Total Cost = ($0.004 × max_queries) + (Input Tokens × Model Input Price) + (Output Tokens × Model Output Price) [+ $0.001 if return_images=true]

Use response fields to monitor cost: model_cost, llmlayer_cost, and token counts.

Supported Models & Pricing

Prices are USD per 1M tokens (input/output). LLMLayer passes through provider pricing with no markup. Your total cost = provider usage + LLMLayer fee.

If a model is not supported by your account/region, the API returns 400 with error_code: "invalid_model". Keep this table in sync with your allow‑list.

OpenAI

Model	Input ($/M)	Output ($/M)	Best For
`openai/gpt-5`	$1.25	$10.00	Complex reasoning & analysis
`openai/gpt-5-mini`	$0.25	$2.00	Cost-effective reasoning
`openai/gpt-5-nano`	$0.05	$0.40	Balanced performance
`openai/o3`	$2.00	$8.00	Complex reasoning & analysis
`openai/o3-mini`	$1.10	$4.40	Cost-effective reasoning
`openai/o4-mini`	$1.10	$4.40	Balanced performance
`openai/gpt-4.1`	$2.00	$8.00	Advanced tasks
`openai/gpt-4.1-mini`	$0.40	$1.60	Efficient advanced tasks
`openai/gpt-4o`	$2.50	$10.00	Multimodal & complex queries
`openai/gpt-4o-mini`	$0.15	$0.60	Fast, affordable searches

Groq

Model	Input ($/M)	Output ($/M)	Best For
`groq/openai-gpt-oss-120b`	$0.15	$0.75	High-performance search
`groq/openai-gpt-oss-20b`	$0.10	$0.50	Budget-friendly quality
`groq/kimi-k2`	$1.00	$3.00	High-performance search
`groq/qwen3-32b`	$0.29	$0.59	Budget-friendly quality
`groq/llama-3.3-70b-versatile`	$0.59	$0.79	Versatile applications
`groq/deepseek-r1-distill-llama-70b`	$0.75	$0.99	Deep reasoning tasks
`groq/llama-4-maverick-17b-128e-instruct`	$0.20	$0.60	Fast, efficient searches

Anthropic

Model	Input ($/M)	Output ($/M)	Best For
`anthropic/claude-sonnet-4`	$3.00	$15.00	Highly creative writing & intelligent responses

DeepSeek

Model	Input ($/M)	Output ($/M)	Best For
`deepseek/deepseek-chat`	$0.27	$1.10	General purpose chat
`deepseek/deepseek-reasoner`	$0.55	$2.19	Complex reasoning

Choosing a model

Fast & economical: openai/gpt-4o-mini, groq/openai-gpt-oss-20b
Balanced quality: openai/gpt-4.1-mini, groq/llama-3.3-70b-versatile
Premium reasoning: openai/gpt-5, openai/o3, anthropic/claude-sonnet-4, deepseek/deepseek-reasoner
Multimodal: openai/gpt-4o / openai/gpt-4o-mini (text + vision)

Blocking Answer Endpoint

POST /api/v1/search Generate a complete answer in one call.

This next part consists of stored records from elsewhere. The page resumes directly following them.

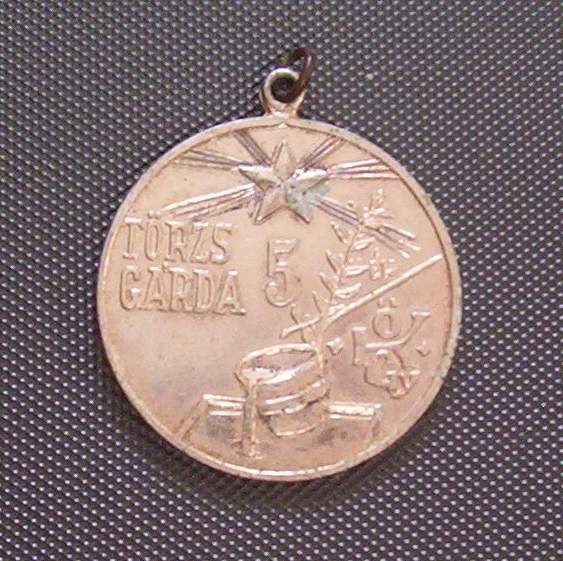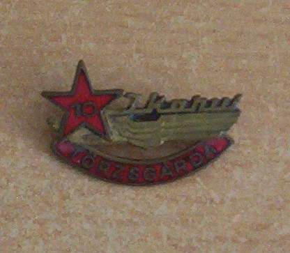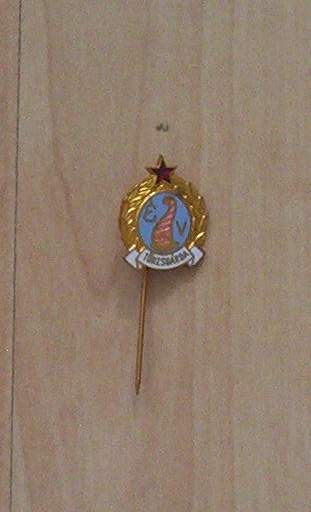 Az Ózdi Kohászati Üzemek 10 és 15 éves törzsgárdajelvényei, köztük az 1989-ig a város címereként funkcionáló kép.
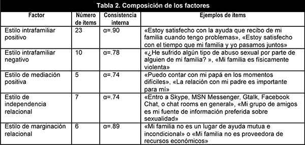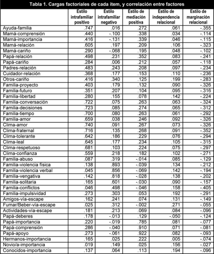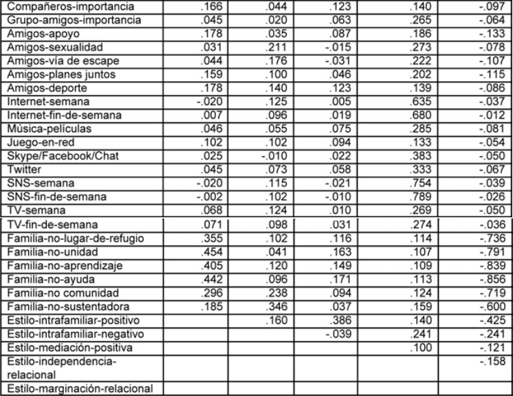 La composición del primer factor manifiesta una comunicación intrafamiliar positiva, el segundo la situación contraria (familia violenta), el tercero un clima de diálogo positivo entre los adolescentes y sus padres, el cuarto un contexto de socialización externo a la familia de gran relevancia para las decisiones, y el quinto la imposibilidad de contar con el apoyo afectivo y material de la propia familia. La media de cada uno de los factores (comunicación intrafamiliar, violencia intrafamiliar, apoyo paterno, uso de medios, exclusión familiar) se retuvo para emplearlas como variables predictores en un análisis de regresión por bloques.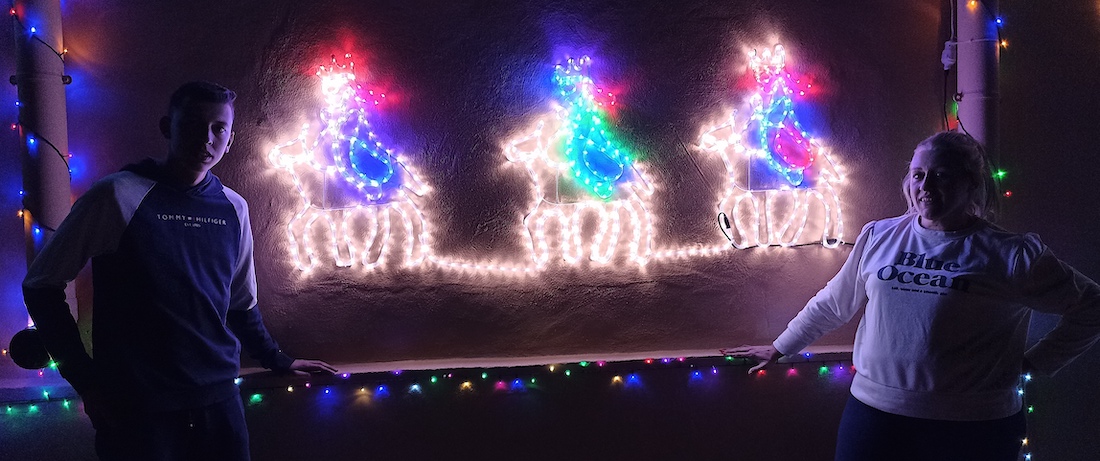 El joven, de 16 años de edad, es un enamorado del espíritu de estas fechas desde bien pequeño y cada año va ampliando el montaje luminoso que rodea su casa, habiendo alcanzado cerca de medio kilómetro de cableado con luces de colores y de imágenes en movimiento, además de instalar como antesala un árbol con dos renos.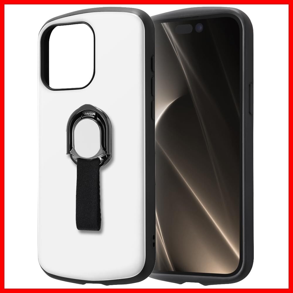 iPhone15 ProMax ケース 耐衝撃 2層構造 おまけリング付き スタンド機能 カメラ保護 ストラップホール付き アイフォン 15 プロマックス カバー/ホワイト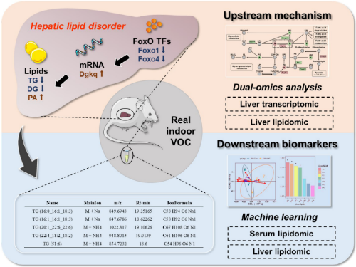 人類約90%的時間都處在室內環境中,室內環境停留的時間約為室外活動的5倍,室內空氣污染的健康危害一直是環境健康領域的重要議題。揮發性有機化合物(VOC)作為廣泛存在于室內空氣中的污染物,對人體健康影響不容忽視。晉小婷教授團隊采用真實室內環境VOC暴露的動物染毒平臺,結合機器學習和多組學聯用分析技術,發現真實室內VOC能導致肝臟脂質代謝出現異常,尤其是三酰甘油(TG)及其前體物質二酰甘油(DG)的減少,這可能是引起肝臟不良反應的關鍵因素之一。此外,通過機器學習技術,研究團隊還發現了血清中的五種脂質生物標志物,這些標志物能夠反映VOC誘導的肝臟脂質紊亂情況。多組學方法的應用進一步揭示了上調的Dgkq基因對DG和磷脂酸(PA)之間相互轉化的干擾,導致TG水平下降。VOC能夠下調FoxO轉錄因子,這有助于Dgkq的上調。這一發現從多組學分析的角度,為更好地理解真實室內VOC暴露引起的肝臟損傷提供了重要依據。
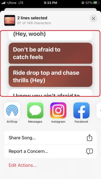 - Válassza ki a megosztani kívánt dalszövegeket, több sort oszthat meg, mindaddig, amíg azok illeszkednek a 149 karakteres határon.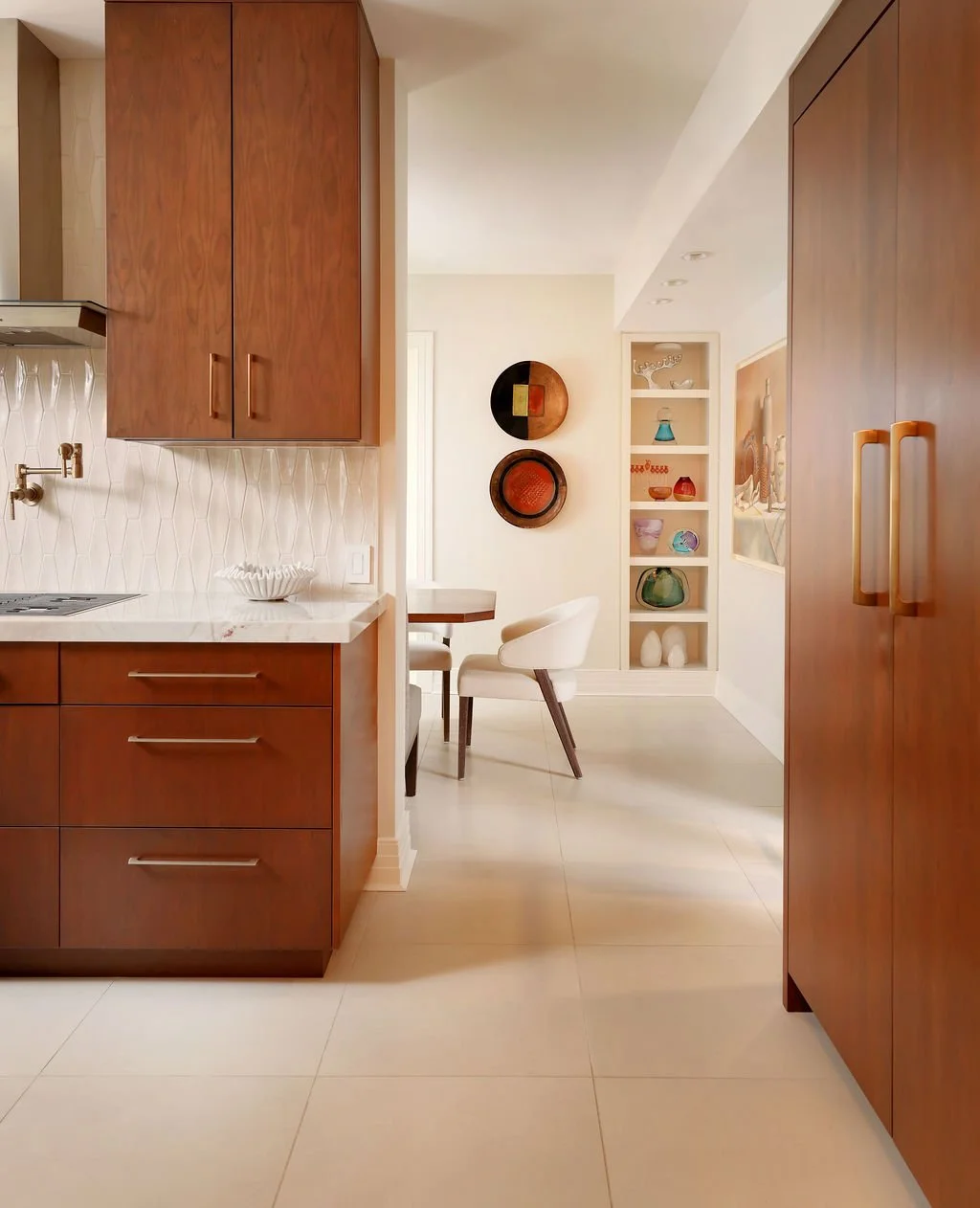 Our clients purchased an apartment in a 100+ year old high-rise building on Lake Shore Drive. The views of the lake are stunning, but the interior spaces needed an update. FDA collaborated with interior designers, Kaufman Segal Design, and worked with our clients to design and build the project in two phases. Phase One focused on renovation of the front of the apartment including the main living spaces, a library/family room, the kitchen, laundry, and powder room. The opening between the library/family room and the living and dining room was made wider and now has a pair of glass and steel sliding doors. The kitchen layout was optimized and outfitted with custom cabinetry and high-end appliances The powder room and adjacent laundry area were reconfigured creating more functionality and an improved flow.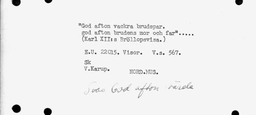//// "God afton vackra brudepar. //// god afton brudens mor och far"..... //// (Karl XII:s Bröllopsvisa.) //// E.U. 22015. Visor. V.s. 567. //// Sk //// V.Karup. NORD.MUS. //// __. f-^at ////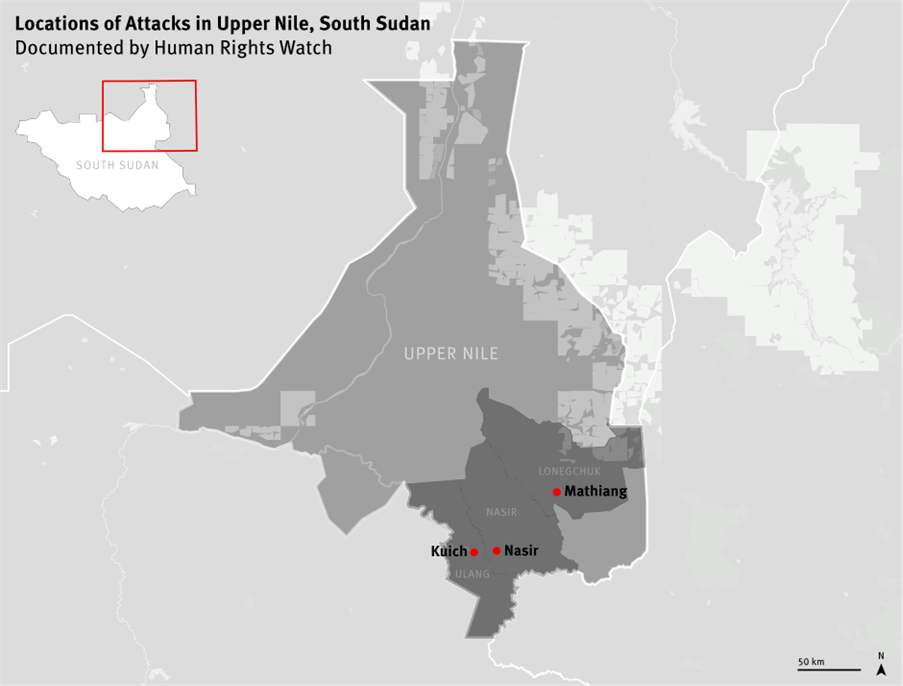 On 3 May 2025, two helicopter gunships bombed the Médecins Sans Frontières (MSF) hospital at Old Fangak in Jonglei state; this was the only major medical facility in the area, serving more than 40,000 people. The strike killed at least seven civilians and injured many more, including medical staff; it also destroyed the hospital pharmacy and all the medicines held there.14MSF, ‘South Sudan: MSF strongly condemns the deliberate bombing of our hospital in Old Fangak, Jonglei state’, 4 May 2025; Office of the UN High Commissioner for Human Rights (OHCHR), ‘Targeting of MSF hospital may constitute a war crime, says UN Commission, urges immediate halt to hostilities in South Sudan’, Press release, 6 May 2025. In condemning the ‘calculated, unlawful attack on a protected medical facility’, the UN Commission on Human Rights in South Sudan noted that the operation followed a public statement by the SSPDF that it would carry out ‘punitive’ aerial and riverine operations if the SPLM/A-IO did not immediately release certain vessels allegedly hijacked at Adok Port in Leer County.15OHCHR, ‘Targeting of MSF hospital may constitute a war crime, says UN Commission, urges immediate halt to hostilities in South Sudan’. See also Radio Tamazuj, ‘SSPDF Chief orders SPLA-IO to release detained barges, boats’, 2 May 2025. The Commission on Human Rights in South Sudan is an independent body mandated by the UN Human Rights Council that was established in 2016.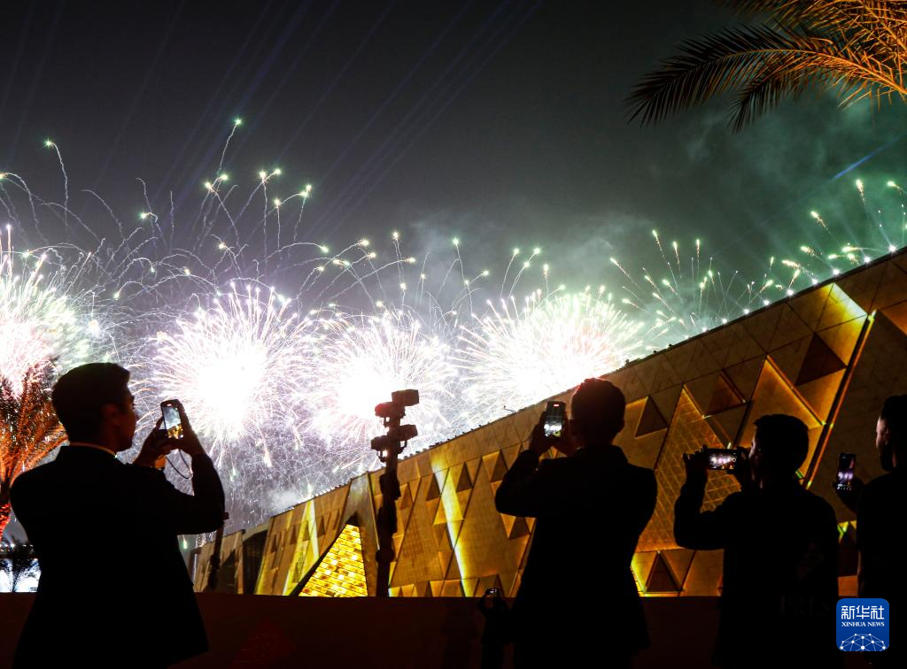 11月1日,人们在埃及吉萨举行的开馆仪式上拍摄烟花和灯光秀表演。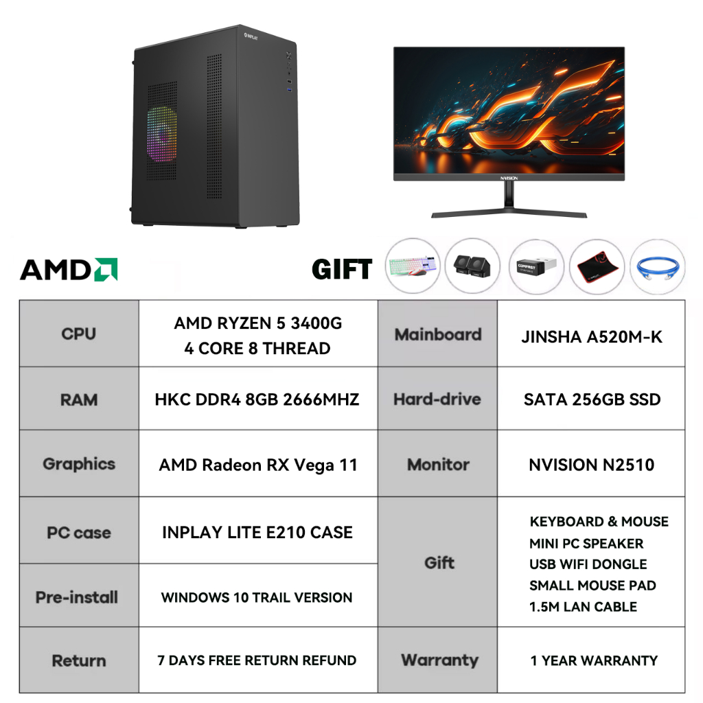 AMD RYZEN 5 3400G Gaming PC Set DDR4 16GB RAM / 512GB SSD Full Set Desktop For Office Gaming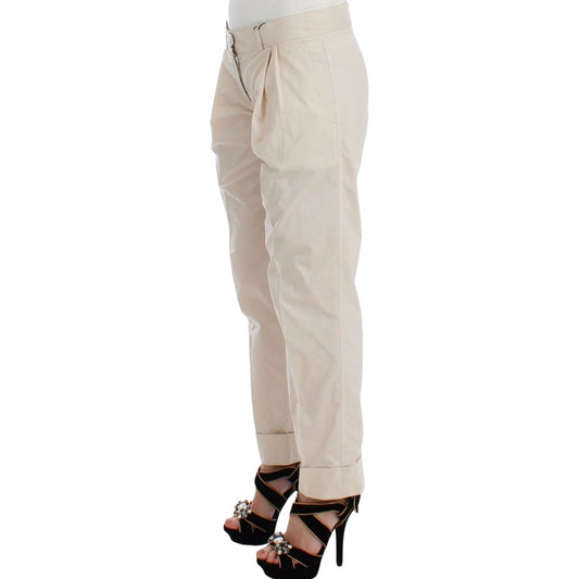 Ermanno Scervino Beige Mid Waist Cropped Cotton Trouser Pants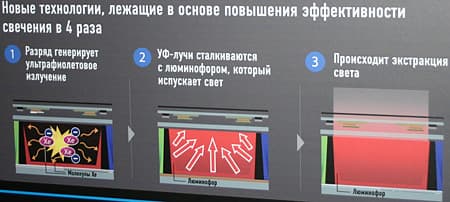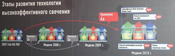 В новых панелях разрядный газ содержит ксенон, используется люминофор высокой плотности, уменьшены промежутки между ячейками и уменьшена площадь электродов.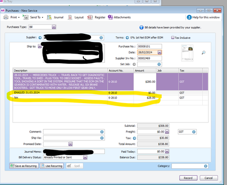 Myob to Myob link is still causing issues. When will this be fixed, an added line of tax is always added and has been happening for years. The correct amount on the invoice is $308 inclusive of GST. ...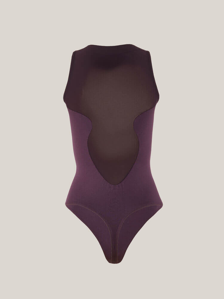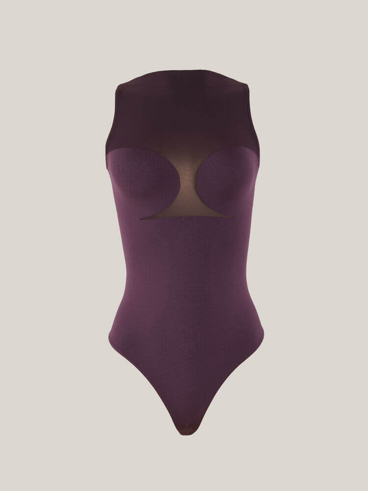 Atrevido efecto corsé / Escote transparente / Técnicas de punto opaco-transparentes / Efecto mate/brillante / Punto circular / Corte ajustado / Sin costuras / Escote recto de punto / Sin mangas / Refuerzo de algodón / Cierre automático / Teñido sostenible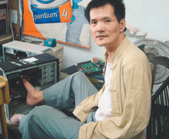 【本報龍井訊】台中縣龍井鄉有一名特別的電腦維修工程師林俊宏,因為年輕時意外失去雙手,靠著自己摸索學會電腦,現在不但開業、用「雙腳」為客戶維修電腦,還會開車!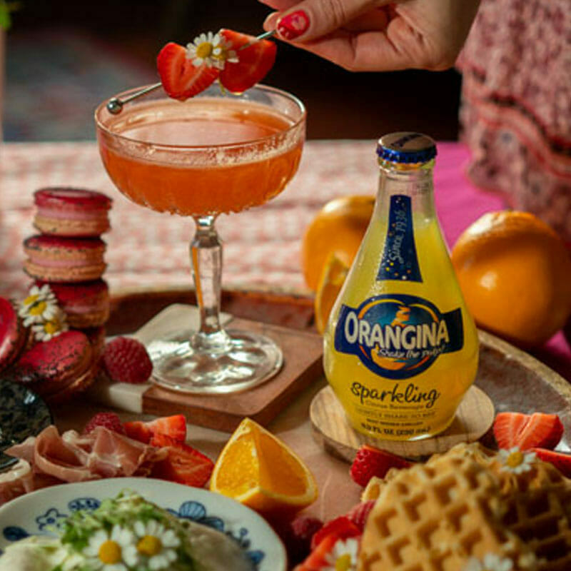 Add Strawberries to shaker and muddle, add honey syrup, gin, and lemon to shaker, shake then strain into a coupe glass and top with Orangina. Garnish with strawberries and edible flowers. Omit Gin for a mocktail.

The server runs targeted web search, builds a context window, and asks your chosen model to answer with optional citations.

Request Body

query

string

required

Your question or instruction.Example: "What are the latest developments in quantum computing?"

model

string

required

LLM id (e.g. openai/gpt-4o-mini, openai/gpt-4.1-mini, anthropic/claude-sonnet-4, groq/llama-3.3-70b-versatile, deepseek/deepseek-reasoner).

If a model is unsupported, the API returns 400 with error_code: "invalid_model".

provider_key

string

Your upstream provider key (OpenAI/Groq/Anthropic/DeepSeek). If provided, provider usage is billed to you, and model_cost will be null in responses.Examples: sk-... (OpenAI), sk-ant-... (Anthropic)

location

string

default:"us"

Market/geo bias for search (country code).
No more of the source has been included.